The problem -
Once you find the line below that has "图: 部分明慧小册子(期刊)封面", output it and every line after it exactly, stopping after the line that has "221 Afrikaanse Vink", with no pictures.
+++
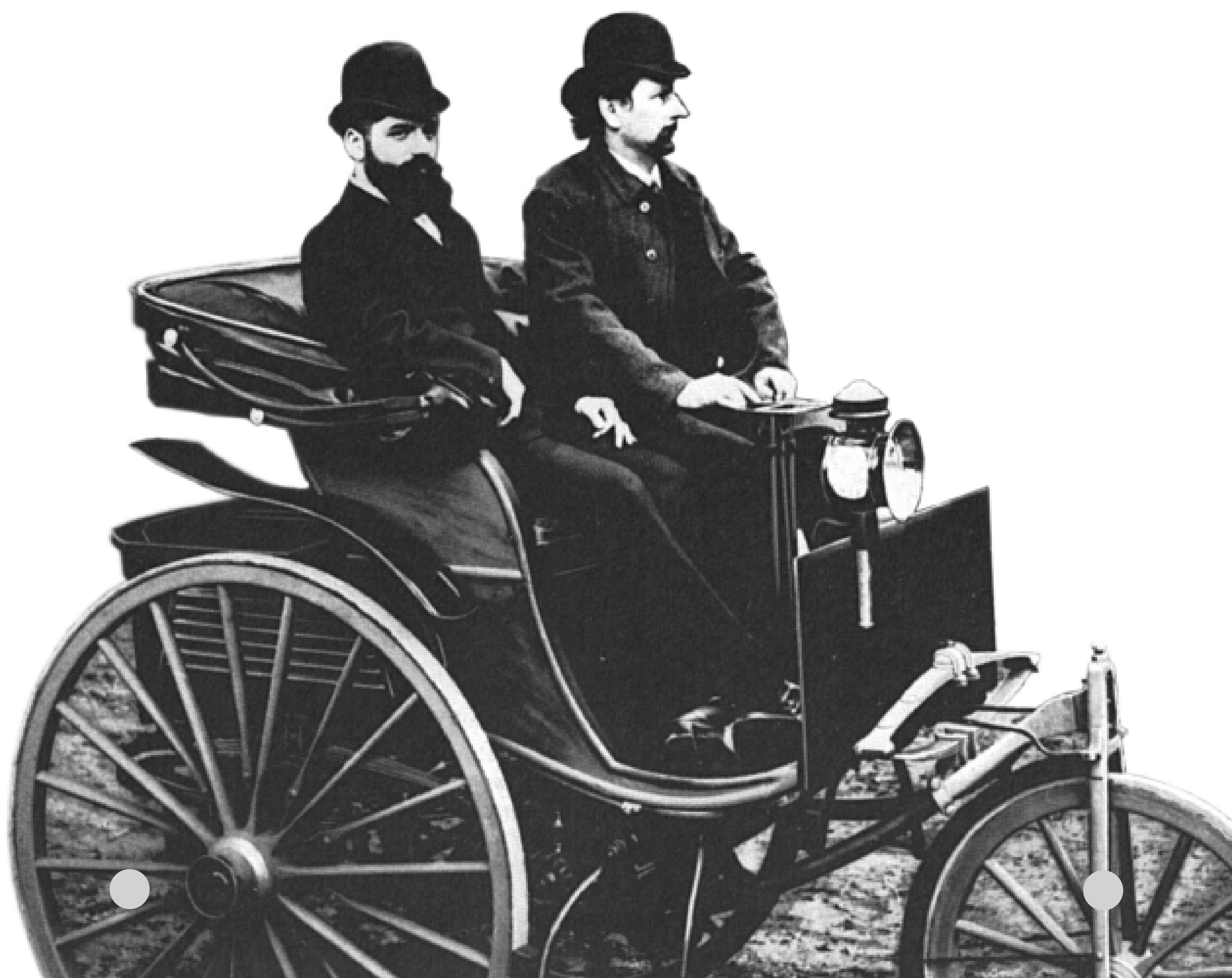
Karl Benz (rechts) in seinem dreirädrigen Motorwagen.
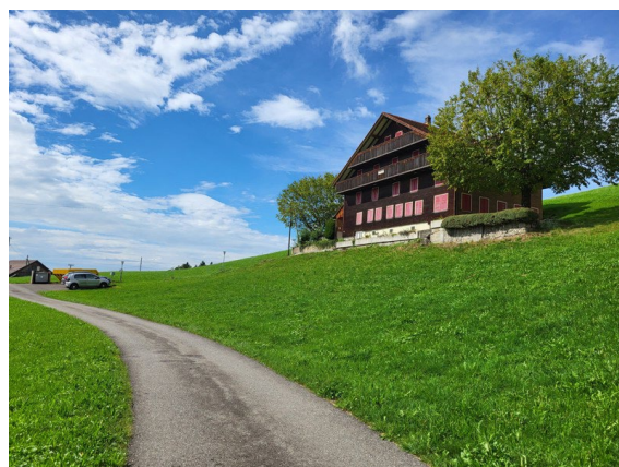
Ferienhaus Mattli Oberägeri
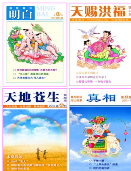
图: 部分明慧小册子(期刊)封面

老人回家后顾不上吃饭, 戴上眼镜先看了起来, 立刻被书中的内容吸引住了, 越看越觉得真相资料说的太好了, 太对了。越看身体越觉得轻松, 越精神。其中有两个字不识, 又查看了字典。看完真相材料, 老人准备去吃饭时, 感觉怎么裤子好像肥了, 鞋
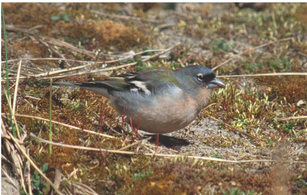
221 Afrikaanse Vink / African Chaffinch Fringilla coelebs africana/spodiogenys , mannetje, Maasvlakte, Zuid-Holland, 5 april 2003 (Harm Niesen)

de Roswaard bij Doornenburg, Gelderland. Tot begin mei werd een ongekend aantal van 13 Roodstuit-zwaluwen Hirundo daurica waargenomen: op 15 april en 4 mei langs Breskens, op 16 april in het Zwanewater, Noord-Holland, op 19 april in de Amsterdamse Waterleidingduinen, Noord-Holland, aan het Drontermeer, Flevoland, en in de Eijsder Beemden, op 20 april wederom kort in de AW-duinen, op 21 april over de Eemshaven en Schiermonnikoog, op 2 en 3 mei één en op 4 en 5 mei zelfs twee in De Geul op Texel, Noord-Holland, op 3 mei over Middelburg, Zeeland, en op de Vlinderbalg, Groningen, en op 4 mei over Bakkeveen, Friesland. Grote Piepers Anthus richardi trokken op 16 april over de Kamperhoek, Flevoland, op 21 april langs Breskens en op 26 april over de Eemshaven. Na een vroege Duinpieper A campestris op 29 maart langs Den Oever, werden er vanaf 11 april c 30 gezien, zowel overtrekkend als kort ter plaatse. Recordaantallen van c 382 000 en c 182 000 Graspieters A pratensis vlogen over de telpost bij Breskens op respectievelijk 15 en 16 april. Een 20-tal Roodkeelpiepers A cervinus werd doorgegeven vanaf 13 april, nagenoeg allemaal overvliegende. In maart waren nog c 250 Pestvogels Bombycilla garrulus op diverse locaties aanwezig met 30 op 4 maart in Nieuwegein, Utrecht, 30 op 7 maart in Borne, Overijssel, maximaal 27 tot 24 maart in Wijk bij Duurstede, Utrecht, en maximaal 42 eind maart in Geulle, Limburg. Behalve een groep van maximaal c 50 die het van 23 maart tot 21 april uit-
+++
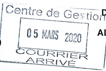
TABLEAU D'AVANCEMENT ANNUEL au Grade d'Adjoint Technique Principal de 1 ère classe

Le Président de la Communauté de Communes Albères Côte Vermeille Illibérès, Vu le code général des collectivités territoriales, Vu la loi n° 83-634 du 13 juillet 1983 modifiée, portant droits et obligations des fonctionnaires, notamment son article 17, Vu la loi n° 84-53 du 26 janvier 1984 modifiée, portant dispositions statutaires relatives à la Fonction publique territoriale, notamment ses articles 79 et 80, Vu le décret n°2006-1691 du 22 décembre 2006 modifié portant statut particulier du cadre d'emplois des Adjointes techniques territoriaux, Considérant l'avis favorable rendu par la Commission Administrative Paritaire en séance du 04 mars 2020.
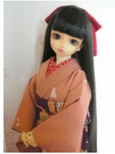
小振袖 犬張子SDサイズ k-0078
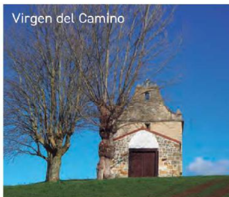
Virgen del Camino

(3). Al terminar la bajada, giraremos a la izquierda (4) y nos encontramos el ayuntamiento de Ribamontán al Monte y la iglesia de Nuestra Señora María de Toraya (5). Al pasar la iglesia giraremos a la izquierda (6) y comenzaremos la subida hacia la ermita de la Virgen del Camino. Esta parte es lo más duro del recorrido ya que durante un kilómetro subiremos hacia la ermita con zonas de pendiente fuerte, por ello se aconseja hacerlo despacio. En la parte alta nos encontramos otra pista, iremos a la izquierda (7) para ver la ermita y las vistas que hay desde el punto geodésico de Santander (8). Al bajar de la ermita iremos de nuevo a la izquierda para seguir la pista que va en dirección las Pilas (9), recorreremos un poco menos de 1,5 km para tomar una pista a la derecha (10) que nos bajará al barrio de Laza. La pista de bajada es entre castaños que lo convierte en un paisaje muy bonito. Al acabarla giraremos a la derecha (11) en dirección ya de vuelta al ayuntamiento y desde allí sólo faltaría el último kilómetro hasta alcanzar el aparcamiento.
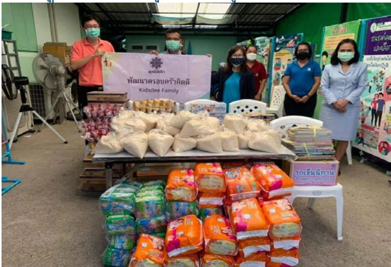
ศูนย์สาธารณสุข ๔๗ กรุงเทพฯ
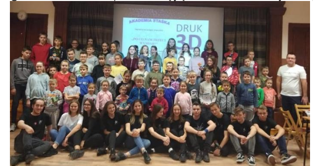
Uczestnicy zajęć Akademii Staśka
+++
Exercise result -
图: 部分明慧小册子(期刊)封面

老人回家后顾不上吃饭, 戴上眼镜先看了起来, 立刻被书中的内容吸引住了, 越看越觉得真相资料说的太好了, 太对了。越看身体越觉得轻松, 越精神。其中有两个字不识, 又查看了字典。看完真相材料, 老人准备去吃饭时, 感觉怎么裤子好像肥了, 鞋
221 Afrikaanse Vink / African Chaffinch Fringilla coelebs africana/spodiogenys , mannetje, Maasvlakte, Zuid-Holland, 5 april 2003 (Harm Niesen)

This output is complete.